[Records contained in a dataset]
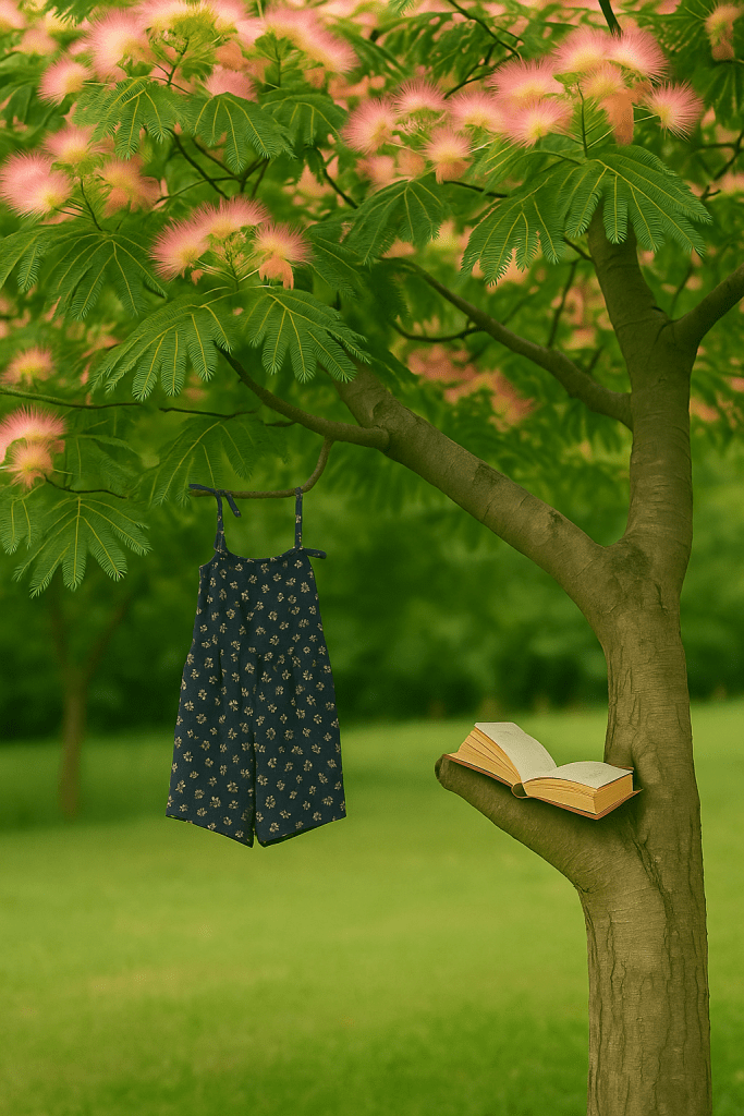 I know The Mimosa that held me is gone now. But that moment, the little girl, the book, the bloom brushing her cheek as she read, that stays. The leaves that folded in at night like the tree was tucking itself to sleep. The feeling that the tree was mine.
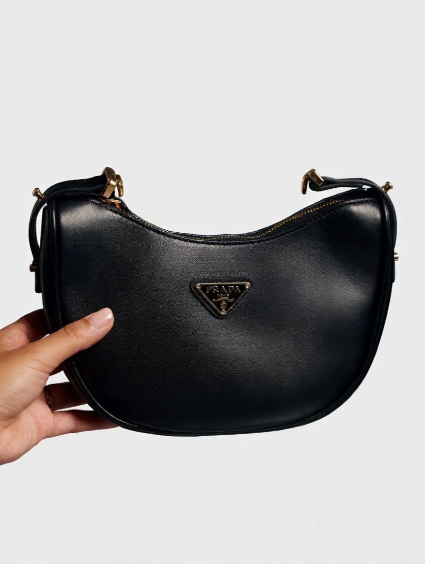 Prada Black Leather Crescent Shoulder Bag
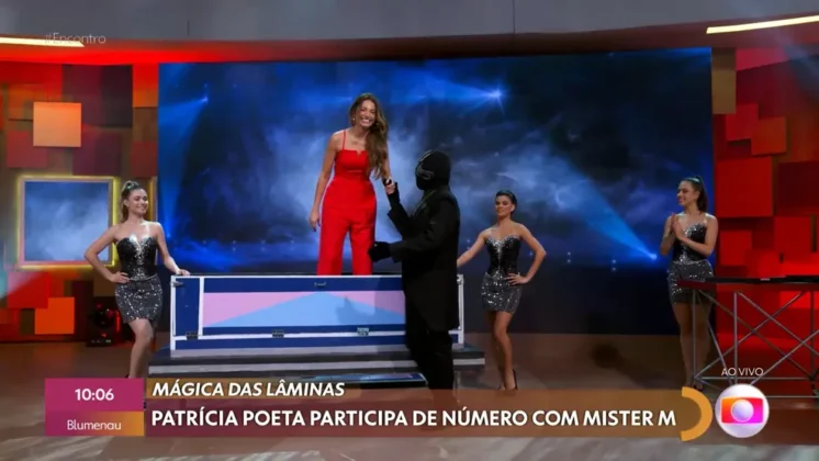 Patrícia Poeta topou o desafio. Assim, em uma caixa, com quatro lâminas de aço, a apresentadora ficou com apenas uma das mãos a vista. Ao final veio a revelação do truque.
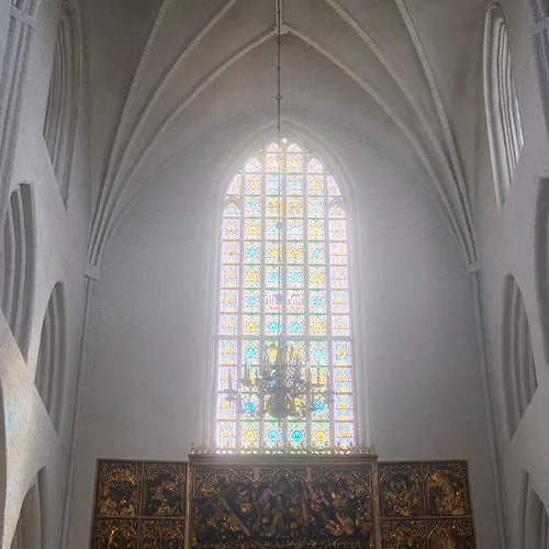 Georg Jensen Damask heeft de gelegenheid gehad om het Sct. Knuds Eagle Cloth te fotograferen in de kathedraal van Odense, waar het bijna 1000 jaar oude textiel wordt tentoongesteld.
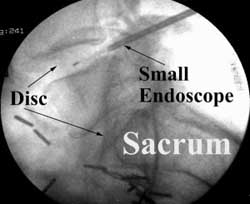 During minimally invasive surgery for disc herniation, a small endoscope with fiber optics is directed from the skin to the disc.
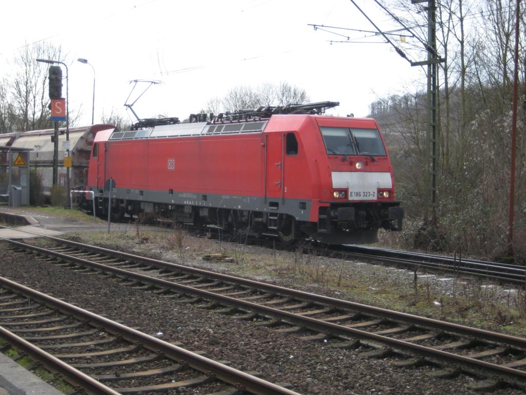 DB E186 323-2 vor einem Kalkzug in Auersmacher. Februar 2015.
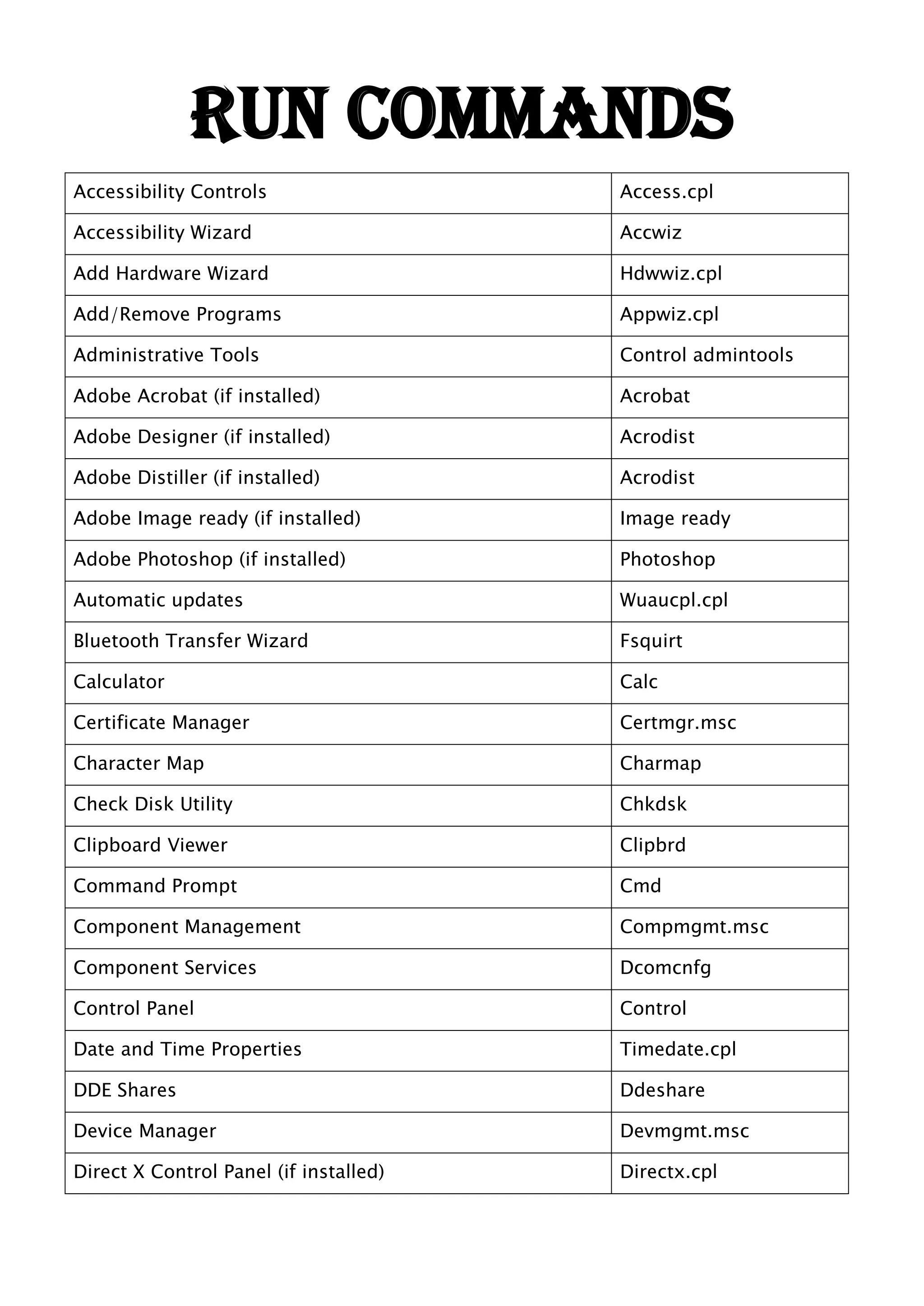 This document contains a list of commands that can be run to access various programs and utilities in Windows. It includes commands to access programs like Control Panel, Calculator, Notepad, as well as system tools like Disk Management, Event Viewer, Task Manager, and IP Configuration utilities.
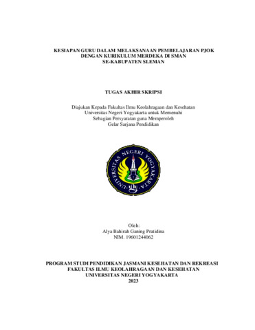Pratidina, Alya Bahirah Ganing (2023) Kesiapan Guru Dalam Melaksanakan Pembelajaran PJOK dengan Kurikulum Merdeka di SMAN Se-Kabupaten Sleman. S1 thesis, Fakultas Ilmu Keolahragaan dan Kesehatan.
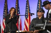 US musician Stevie Wonder performed during a campaign event with US Vice President Kamala Harris in Georgia
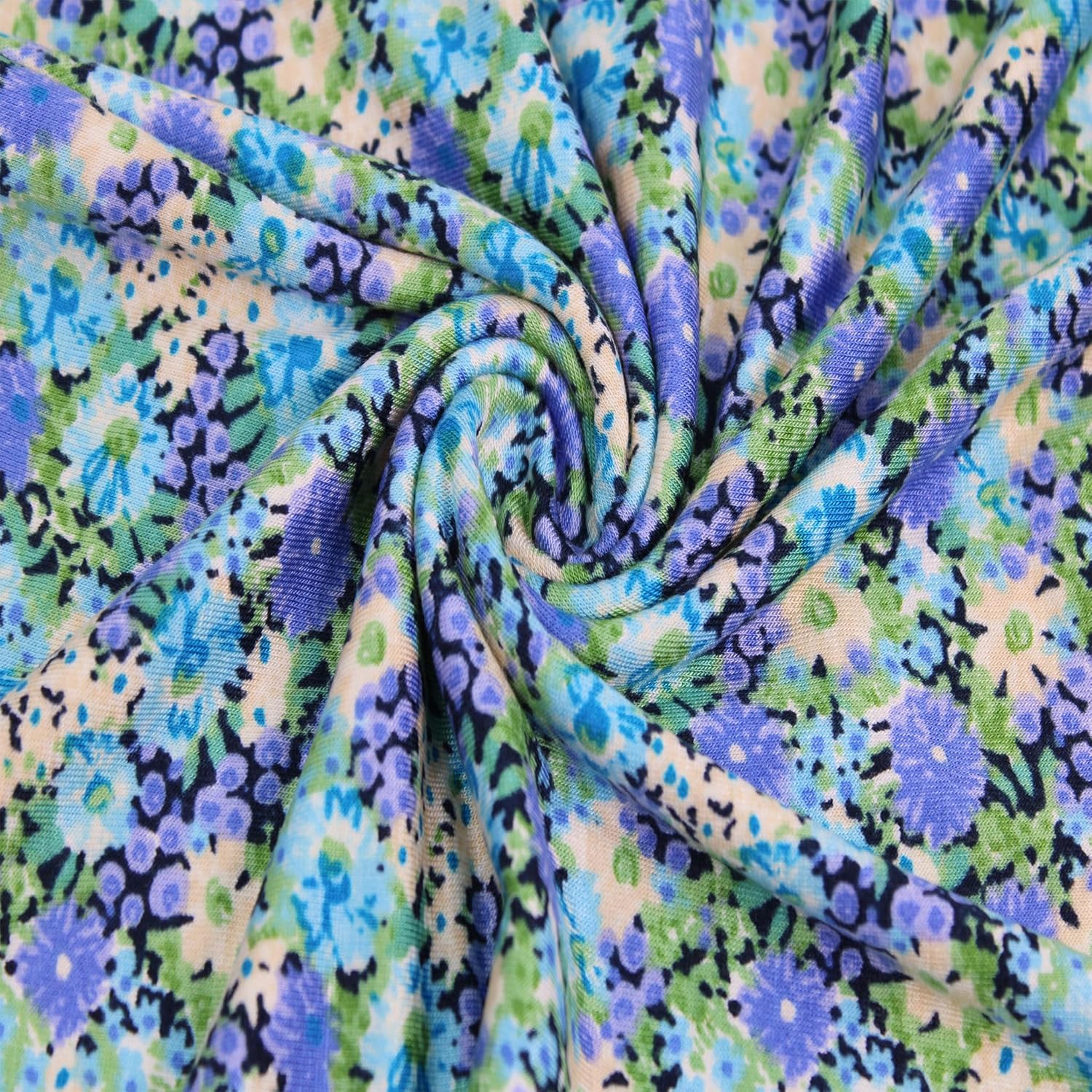 Brand: InMemory Color: Lavender Aqua Size: 1 Yard - 60" Wide Material: Rayon, Spandex Fabric Type: Printed Rayon Spandex Jersey Knit MATERIAL - The fabric blends of 95% rayon and 5% spandex. FEATURES - This fabric is comfortable and stretchy, offering moisture-wicking properties, minimal wrinkling, vibrant color retention, and a soft hand feel, making it versatile for various styles and occasions while being easy to sew and layer and providing good recovery to maintain shape over time. ITS USES - The fabric can be used to create a variety of finished products, including fitted tops, leggings, casual dresses, and skirts for apparel; sports bras and yoga pants for activewear; accessories like soft headbands, lightweight scarves, and stylish tote bags; school projects, including costumes and sewn items like pencil cases; and children's clothing such as comfortable play dresses and soft pajamas. TRENDY AND FASHIONABLE- Stay on-trend and be amazed with our wide range of colors that perfectly match current fashion trends in any season. The fabric is available in continuous cuts, so you can get the exact length and size needed for your designs and crafts. COLOR - Different monitors cause photos to look paler or darker, and we can't guarantee that the actual fabric will be as exact as the one in the photo. We highly suggest getting color cards or sample cuts to see the actual color of the fabric.
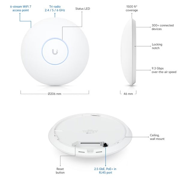 Ubiquiti U7-Pro (UniFi 7 Pro) 8.7Gbps. Tri-Radio 2.4,5,6GHz, 6 spatial streams WiFi7 ac/ax/be, Ceiling Indoor Access Point, 1 x 2.5 GbE RJ-45 Port PoE+ Support (PoE Not Included)
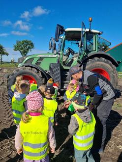 Richtig interessant war auch der Trecker den wir uns ganz genau anschauen durften. Ganz schön hoch war das wenn wir in dem Trecker saßen.
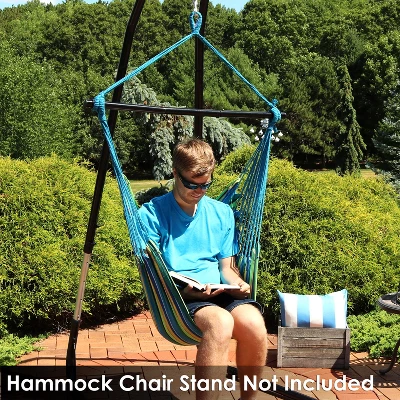 Relax and unwind by resting in this comfortable hanging hammock swing chair on the patio, deck, garden, or other living space featuring blue, green, and tan stripes. The durable 65% cotton and 35% polyester cover with polyurethane foam filling seat provides comfort and support while the material remains resistant to the elements outdoors. Take your hammock swing chair anywhere you’d like easily with the foldable spreader bar and convenient carrying case. The bar folds into three pieces to ensure easy transport and storage so you can enjoy this chair in any park or campsite. Hang this hammock swing chair outdoors to enjoy some relaxation after a long day or hang this hammock chair indoors on any ceiling hook for a fun indoor sitting space. A quick set up allows you to spend time with loved ones outside or enjoy some quiet reading time. No matter where you hang it, this hammock swinging chair allows you to relax comfortably. Please note, a stand is not included with purchase.

§ **YOUR TASK**
The lines to copy exactly start with the line above that has "Prada Black Leather Crescent Shoulder Bag" and go on through the line that has "Georg Jensen Damask"; please include both, add nothing else, and omit the pictures.

§ **ANSWER AREA**
 Prada Black Leather Crescent Shoulder Bag
 Patrícia Poeta topou o desafio. Assim, em uma caixa, com quatro lâminas de aço, a apresentadora ficou com apenas uma das mãos a vista. Ao final veio a revelação do truque.
 Georg Jensen Damask heeft de gelegenheid gehad om het Sct. Knuds Eagle Cloth te fotograferen in de kathedraal van Odense, waar het bijna 1000 jaar oude textiel wordt tentoongesteld.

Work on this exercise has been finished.